Pectus excavatum (PE) is one of the most common anomalies of childhood. It occurs in approximately 1 in every 400 births, with males afflicted 5 times more often than females. PE is usually recognized in infancy, becomes much more severe during adolescent growth years, and remains constant throughout adult life. Symptoms are infrequent during early childhood, but become increasingly severe during adolescent years with easy fatigability, dyspnea with mild exertion, decreased endurance, pain in the anterior chest, and tachycardia. The heart is deviated into the left chest to varying degrees causing reduction in stroke volume and cardiac output. Pulmonary expansion is confined, causing a restrictive defect. Repair is recommended for patients who are symptomatic and who have a markedly elevated pectus severity index as determined by chest X-ray or computed tomography scan. Repair using the highly modified Ravitch technique is usually performed after the age of 8 years. The optimal age for repair is between 12 and 16 years. Repair can be performed on adults with similar good results. Recent modifications in the Ravitch technique remove minimal cartilage and routinely use a temporary internal support bar for 6 months. Operation rarely takes more than 3 hours, and hospitalization rarely exceeds 3 days. Pain is mild and complications are rare, with 97% of patients experiencing a good to excellent result.

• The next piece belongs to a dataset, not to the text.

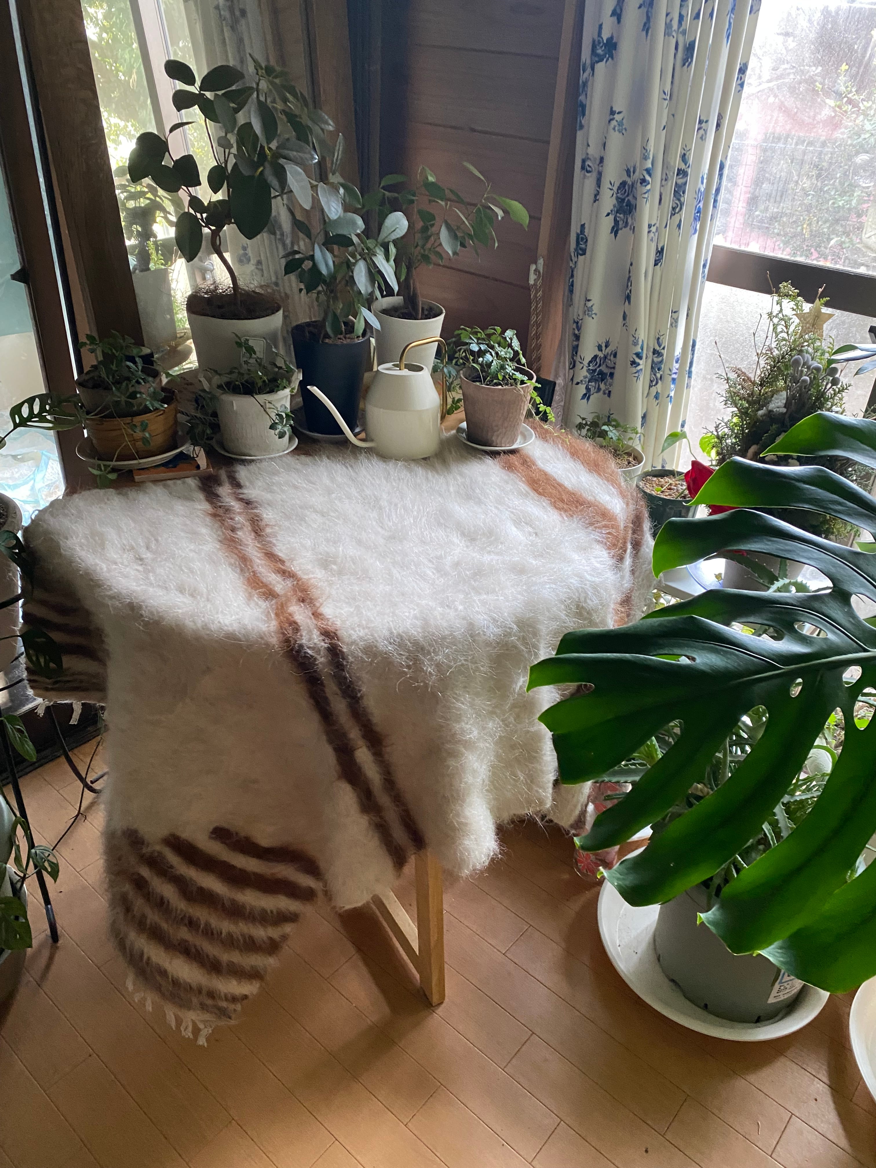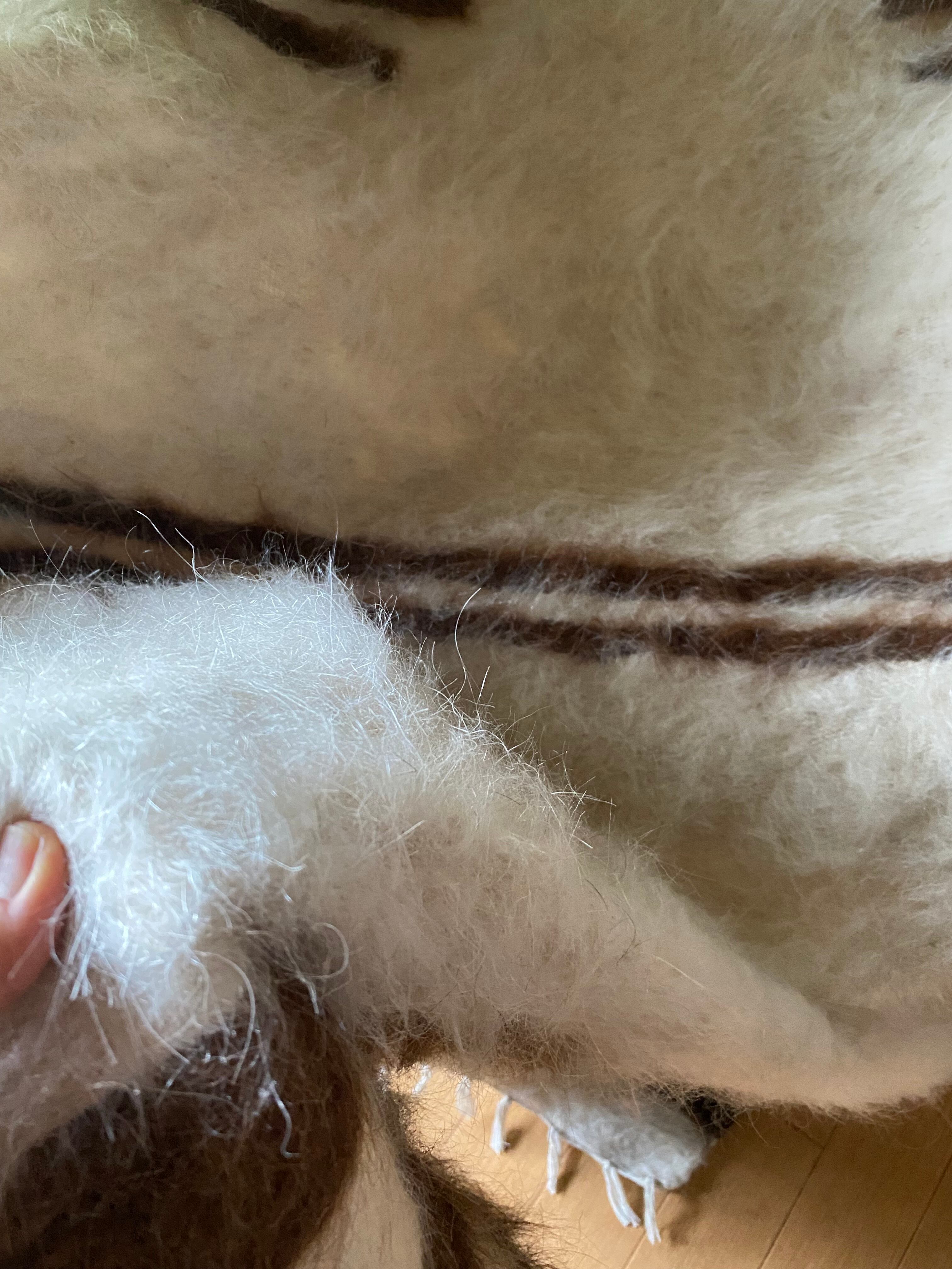 自然の山羊の毛を手で紡いだものが使われていますので、たまーにもみ殻がたまについていたり木の破片みたいなものが稀に織り込まれていることがありますので、ご了承ください。 できるだけ検品して取り除いていますが取り切れないこともありますのでご了承ください。

The new minimally invasive Nuss repair avoids cartilage resection and takes less operating time, but is associated with more severe pain, longer hospitalization and a higher complication rate, with the bar remaining for 2 or more years. This technique is less applicable to older patients and those with asymmetric deformities. Long-term follow-up will be necessary to determine which operation may be best for any specific patient.

摘要

漏斗胸(PE)是儿童期最常见的畸形之一。每400例出生中约有1例发生,男性患病几率是女性的5倍。漏斗胸通常在婴儿期被发现,在青春期生长阶段会变得更加严重,并在成年期保持不变。幼儿期症状不常见,但在青春期会越来越严重,表现为容易疲劳、轻度运动时呼吸困难、耐力下降、前胸疼痛和心动过速。心脏不同程度地向左胸偏移,导致每搏输出量和心输出量减少。肺扩张受限,导致限制性缺陷。对于有症状且经胸部X光或计算机断层扫描确定漏斗胸严重指数明显升高的患者,建议进行修复手术。使用高度改良的Ravitch技术进行修复通常在8岁以后进行。最佳修复年龄在12至16岁之间。也可以对成年人进行修复,效果同样良好。Ravitch技术最近的改进是去除最少的软骨,并常规使用临时内部支撑杆6个月。手术很少超过3小时,住院时间很少超过3天。疼痛轻微,并发症罕见,97%的患者效果良好至极佳。新的微创Nuss修复术避免了软骨切除,手术时间更短,但疼痛更严重,住院时间更长,并发症发生率更高,支撑杆要保留2年或更长时间。这种技术不太适用于老年患者和有不对称畸形的患者。需要长期随访以确定哪种手术对任何特定患者可能是最佳选择。